In today’s capitalistic environment after the 2008 financial disaster, our community still find itself extremely underserved and difficult finding stable sources of financial backing. Whether it consist of Home Mortgage financing, small personal loans, student loans, Start-up capital, business loans or just finances to purchase a vehicle or simple personal property dollars for our families needs. Those financial institutions willing to fund our ventures are just not readily available to our ethnic community.


So we have resorted to the only financial services organization within our community and consequently financially backed by those TBTF’s, whom some of us still try and sign capital contracts for finances we are continually being denied. However, if we need capital most of us use those high interest credit payday or title loans institutions that are present on almost every corner in our community. Consequently, we have become so unimportant to the financial industry that their word for us is UNDERBANKERS. The underbanked is a general label describing two consumer segments: individuals with no bank accounts (unbanked) and individuals with bank accounts who regularly use nontraditional financial institutions such as check cashers and payday lenders (underbanked), banks have identified the underbanked as a separate market segment and are dedicating resources to them as such. Other banks treat them as a part of an existing market segment.  For example, some banks have created specialized departments to focus on this and similar segments, sometimes referred to as emerging market departments, while others incorporated the underbanked in their existing retail divisions. They exploit this financial segment of society by not lending directly to the individuals but to the above mentioned payday lenders who then charge loan shark interest rates to those unfortunates.

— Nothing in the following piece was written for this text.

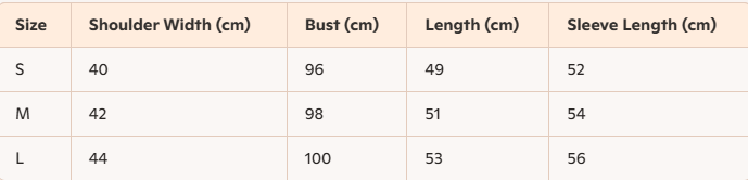 - Size : S,M,L

These underbanking individual are a huge source of untapped profits for those institutions who use them for their bottom line growth numbers to investors. We are finding out quickly that we are not the only source of capital growth for these banks. The student loan arena is another segment of our society that has been a boon for banks that have recovered from the ‘08’ financial crisis. This is another extremely lucrative and stable source of growth to banks who have become “Too big to Fail” (TBTF).

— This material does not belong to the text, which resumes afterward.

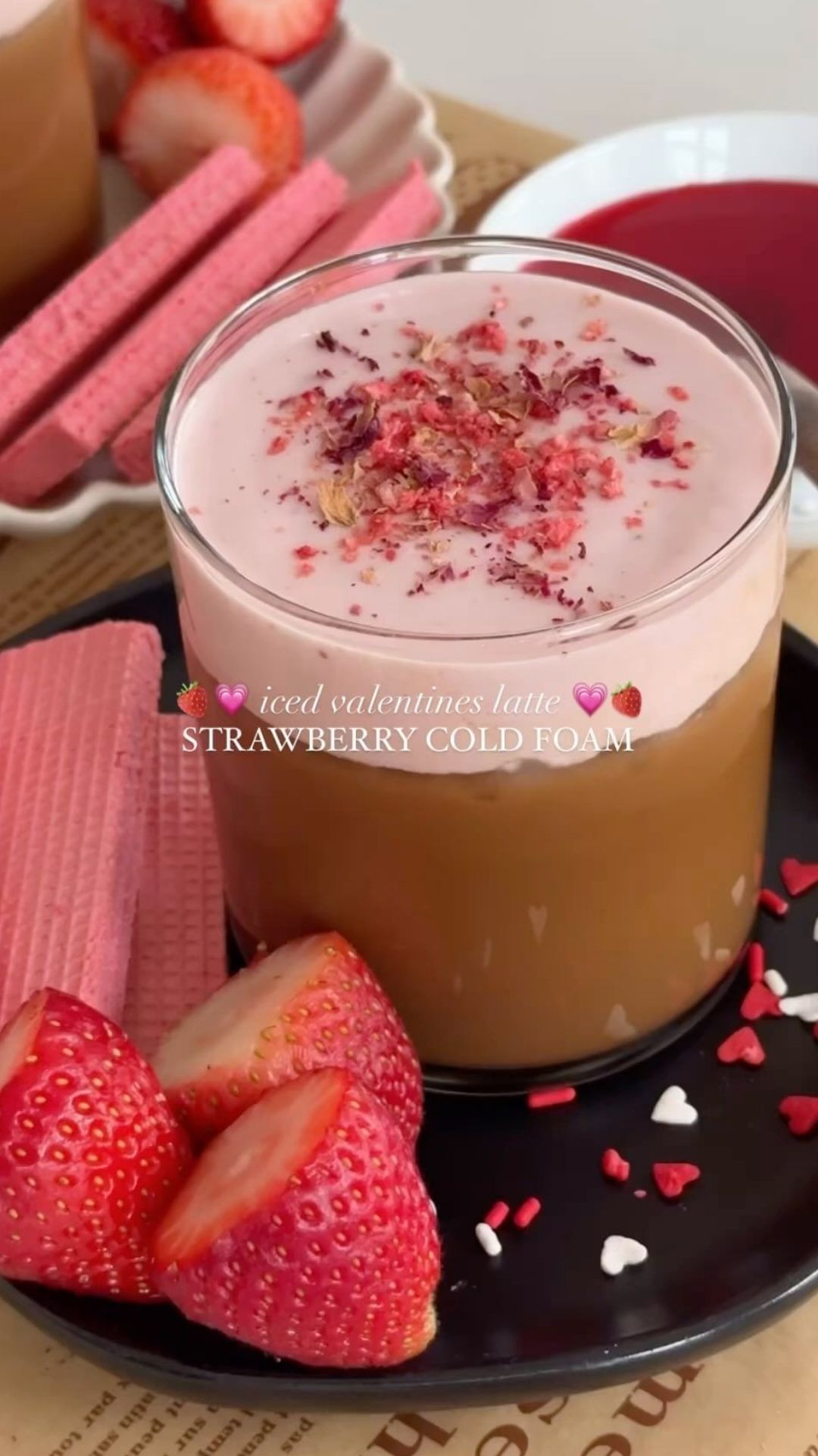 2. Add milk and ice to your liking, then top with strawberry cold foam.

This bring us to a little known solution within our community, some creative instruments for funding that will take away some of that growth income from banks so maneuvering into those instruments will not be easy because those banks will not let that easy income be taken from them without a fight. Community Development Financial Institutions (CDFIs) are mission-driven financial institutions that create economic opportunity for individuals and small businesses, supporting quality affordable housing, and essential community services throughout the ethnic United States. The four types of these institutions are included in the definition of a CDFI: Community Development Banks, Community Development Credit Unions, Community Development Loan Funds (most of which are non-profit), and Community Development Venture Capital Funds. Some, but not all, CDFIs are certified by the CDFI Fund. Certification is often necessary in order to receive support from the CDFI Fund. Let’s be perfectly clear the above institutions are regulated by the Department of the Treasury and those TBTF’s will not take it lying down if too many communities take advantage of those resources to fund individuals in our community. These kinds of funding have been around for many years but our community has not taken advantage of these instruments for financial growth.